Лиотар переосмысливает квазиэстетическую парадигму возвышенного в духе времени «после Освенцима». В размышлениях о судьбах возвышен­ного в современную эпоху он смещает исследовательский интерес от палача к жертве, ибо только в этом случае срабатывает эффект непредставимого (и целый ряд стоящих за ним подобных терминов: невыразимое, невозможное, безобразное..)[29]. За всем ужасом нацистских лагерей скрывается удивитель­ная пассивность жертв (их неспособность к сопротивлению). Как могло по­лучиться, что все эти люди были схвачены в одночасье, перевезены в некое тайное место и там уничтожены? Непредставимость как раз и появляется между пассивностью, невинным характером жертв и разветвленным аппара­том — «адской машиной» — массового уничтожения. И оба эти фактора то­тального террора действуют с поразительной синхронностью, ничто не может остановить «истребление европейских евреев». Чрезмерное могущество па­лачей и невероятная пассивность жертв — в любом случае и то и другое оста­ется загадкой. Кто сделал еврейский народ столь покорной жертвой, готовой к ритуальному сожжению в любой момент? Иногда все определяется состоя­нием самой жертвы, ее упорством, силой к сопротивлению, способностью к выживанию и готовностью к борьбе. Во многих работах Арендт искала от­вет на один вопрос, который ей всегда казался необъяснимым: почему со сто­роны евреев не было никакого сопротивления (за редким исключением)? Вот что она пишет: «Возможно, в будущем будут найдены такие законы психо­логии масс, которые смогут объяснить, почему миллионы людей, не оказывая сопротивления, позволяют отправить себя в газовые камеры, хотя эти законы объяснят не что иное, как разрушение индивидуальности. Важнее, что при­говоренные к смерти очень редко предпринимали попытки взять с собой од­ного из своих мучителей, что в лагерях едва ли были серьезные бунты и что даже в момент освобождения было лишь несколько самочинных избиений эсэсовцев. Поскольку разрушить индивидуальность — значит уничтожить самопроизвольность, способность человека начать нечто новое, исходя из собственных внутренних ресурсов, нечто такое, что нельзя объяснить как простую реакцию на внешнюю среду и события. Значит, остаются лишь страшные марионетки с человеческими лицами, которые ведут себя подобно собакам в экспериментах Павлова, обнаруживая совершенно предсказуемое и надежное поведение, даже когда их ведут на смерть, и сводя все это поведе­ние исключительно к реагированию»[30].

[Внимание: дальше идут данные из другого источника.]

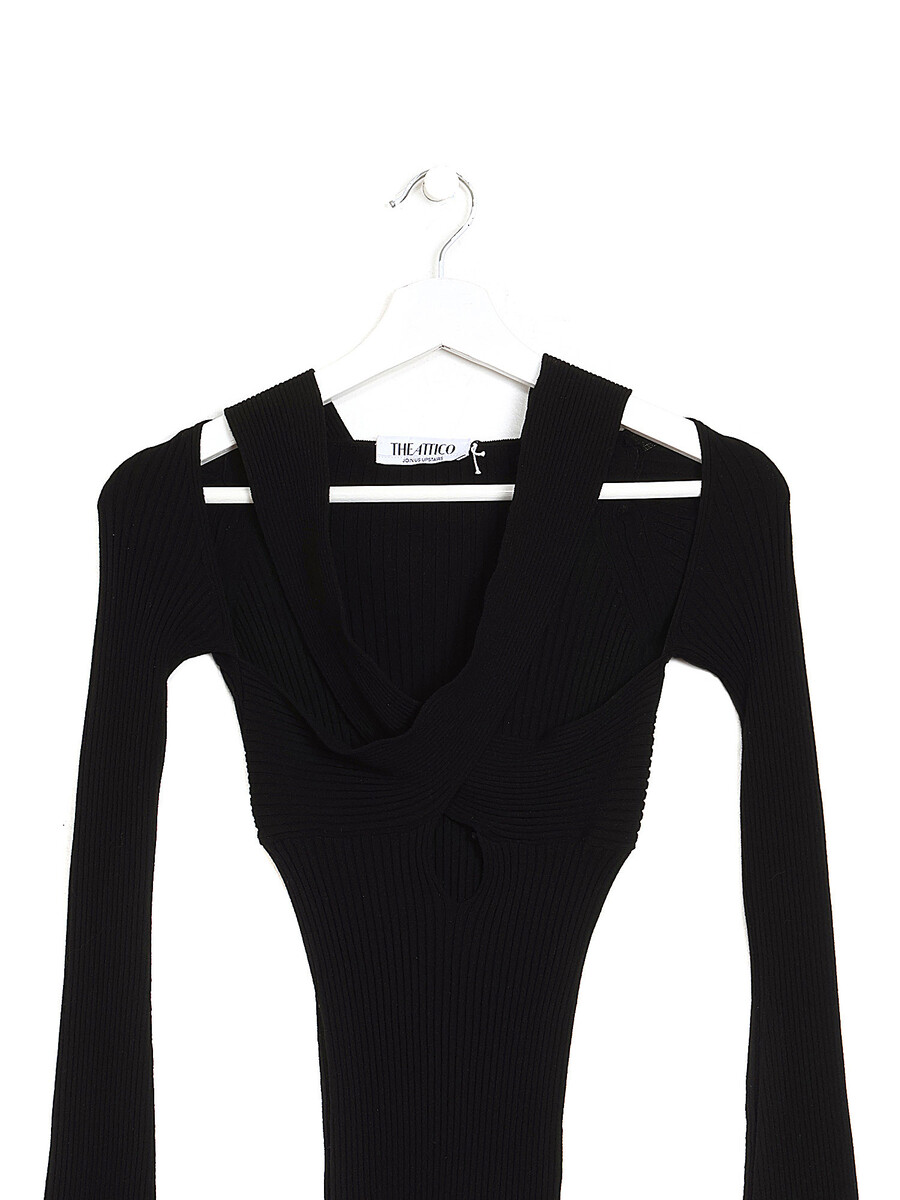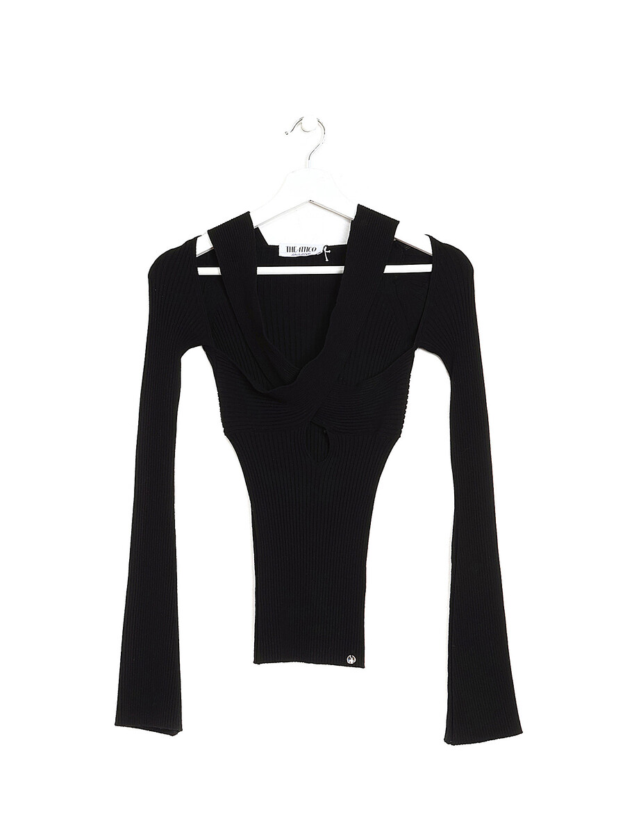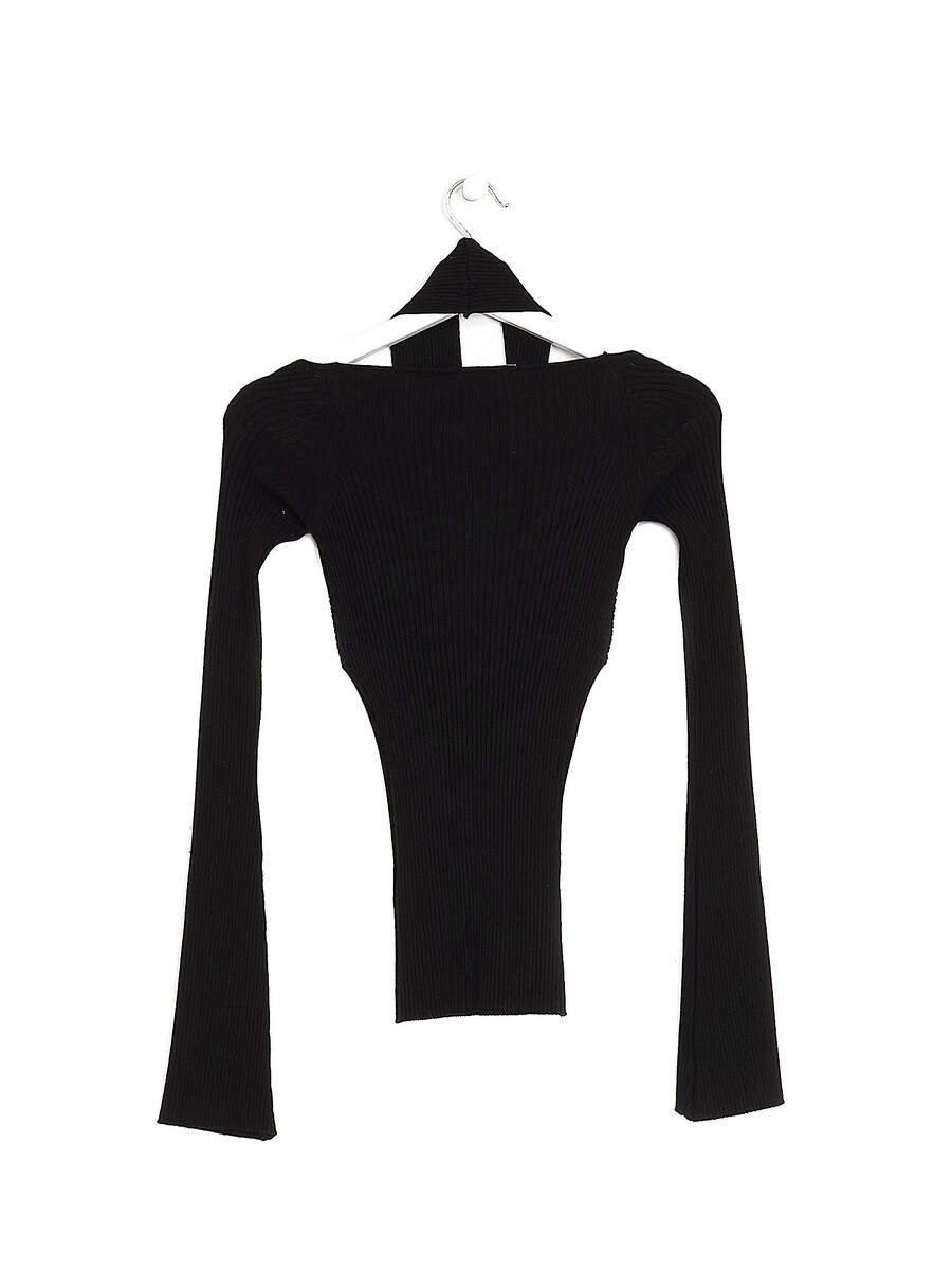 Ribbed knit long sleeve top in black. Features a tie neck detailing. Silver metal logo plaque at hip. Keyhole opening at the front.
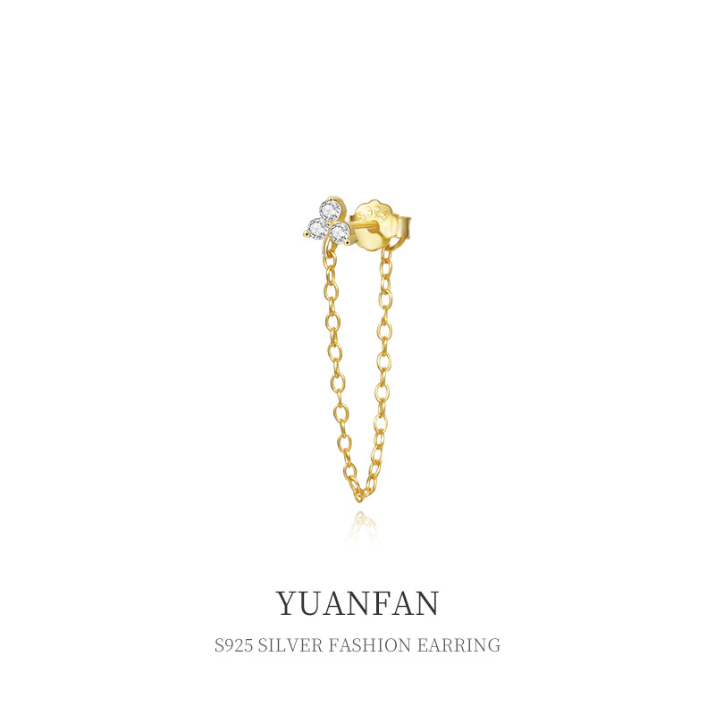 遠梵香925純銀チェーン流蘇花卉ジルコンピアス女性欧米ins気質耳掛け耳飾りスポット卸売り
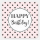 Pegatina Cuadrada Feliz cumpleaños, puntos blancos negros rosados
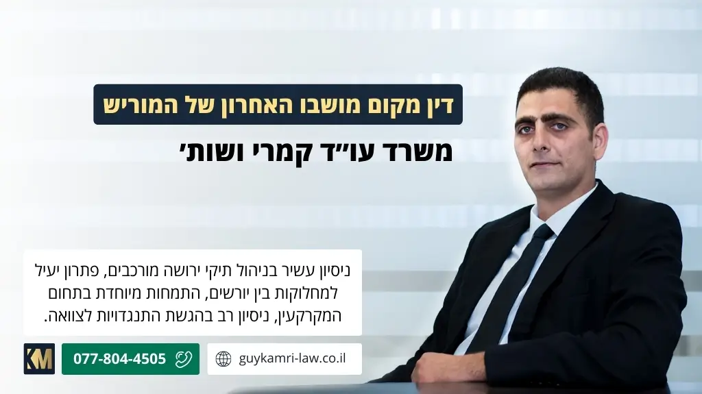 לסיכום, המקום שבו חי, הוא המקום שקובע המונח "דין מקום מושבו האחרון של המוריש" אולי נשמע טכני, אבל ההשלכות שלו על הירושה הן עצומות. זו השאלה הראשונה והבסיסית שמכריעה את כל שאר התהליך. כדי לוודא שזכויותיכם נשמרות ושהליך הירושה מתבצע על פי החוק – חשוב לפנות לייעוץ משפטי מקצועי.
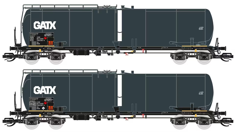 | set dvou tmavě šedých kotlových vozů na lehké oleje „GATX“ |
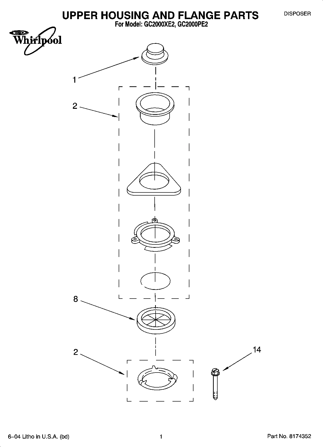 Model Whirlpool GC2000PE2 DISPOSER – Common Parts & Diagrams
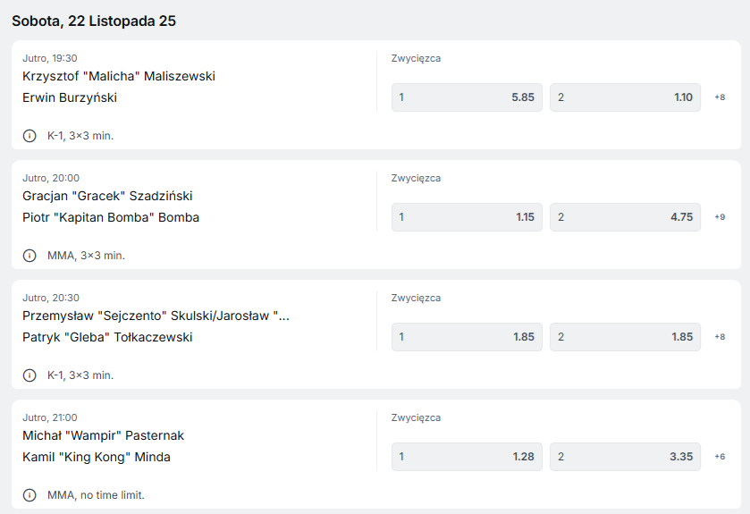 Zostaniesz przekierowany do oferty z wszystkimi walkami i aktualnymi kursami na zawodników FAME MMA 28 - Krok 4
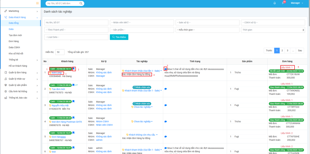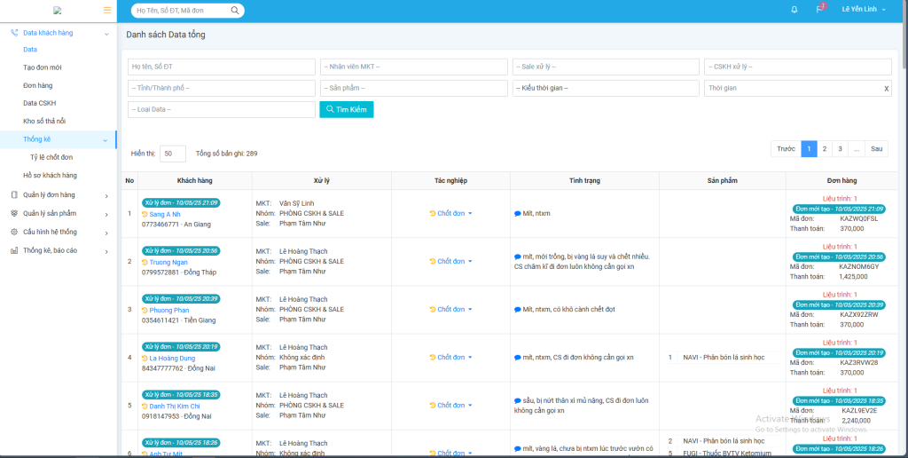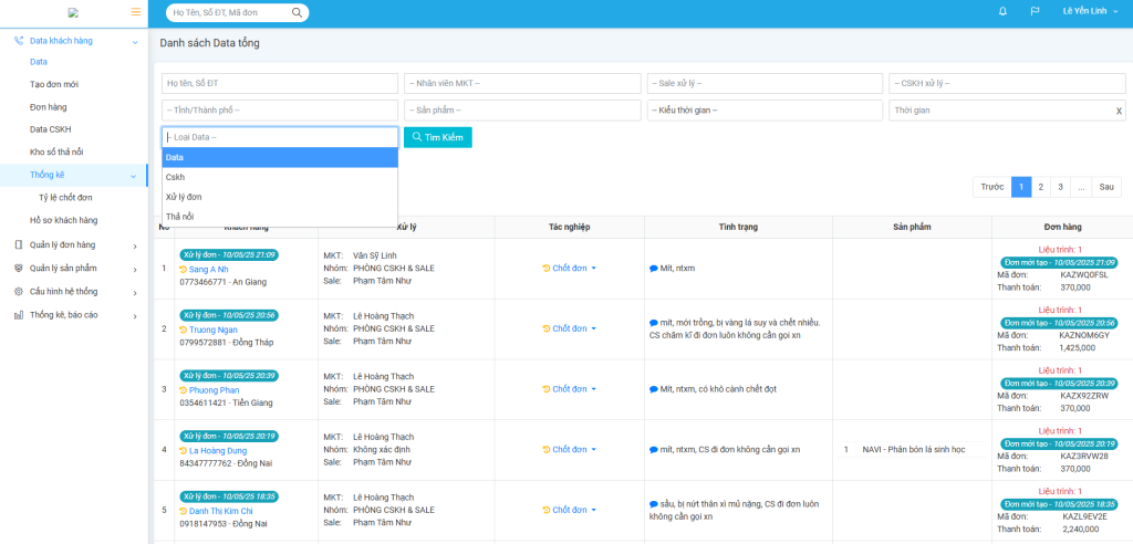 • Phòng Kinh Doanh: xem được toàn bộ 4 loại data (data, CSKH, xử lý đơn, thả nổi).

Большое исследование Адорно «Авторитарная личность» (1949) было пол­ностью посвящено анализу психологии палача-антисемита. Конечно, сегодня оно несколько разочаровывает, поскольку в нем так и не был поставлен вопрос об исторических корнях антисемитизма (который, кстати, вполне основатель­но ставится Арендт). Все исследовательское поле ограничивается характеро­логическим анализом фашистского психотипа, как если бы можно было на ос­нове тщательно разработанной классификации синдромов (потенциального фашиста — шкала F) указать на все эти зародышевые потенциальные фашизмы, которые начинают собираться в единую волну национальной социопатии. Проникнуть в душу палача-антисемита — как это сделать? Палачество — это некая возможность стать действительным палачом или способствовать по­явлению его как типа? Адорно сознательно отказывается исследовать антро­пологию массы, ибо ему была нужна типологически выверенная, индивиду­альная ответственность палача. Ему нужна была индивидуация каждого характера на основе выделенного социотипа. Типология предстает как раз­ветвленная древо-структура, «древо синдромов», каждый из которых (не обя­зательно все вместе) ведет к формированию единого типа антисемита или к тому, что Адорно называет «потенциально фашистским характером»[31]. Палач наделяется некими психоаналитически многократно проверенными особен­ностями поведения, он — психомиметик par excellence. Палач работает на сбли­жениях/переносах и проекциях, возникающих в ситуациях с Другим (Вра­гом/Жертвой). Надо заметить, что для палача его собственное палаческое поведение объясняется на уровне личной самозащиты: «Мне пришлось уби­вать, в противном случае я давно уже был бы мертв. Враг слишком силен.» Становление идеального типа фашиста-антисемита определяется не столько внешними условиями, сколько самой возможностью им стать, потенциалом фашистского становления характера. В сущности, Адорно здесь чрезвычайно близок к фрейдо-марксизму Э. Фромма и В. Райха. Для него лагерные палачи и есть садисты в идеально-абстрактном или потенциальном определении.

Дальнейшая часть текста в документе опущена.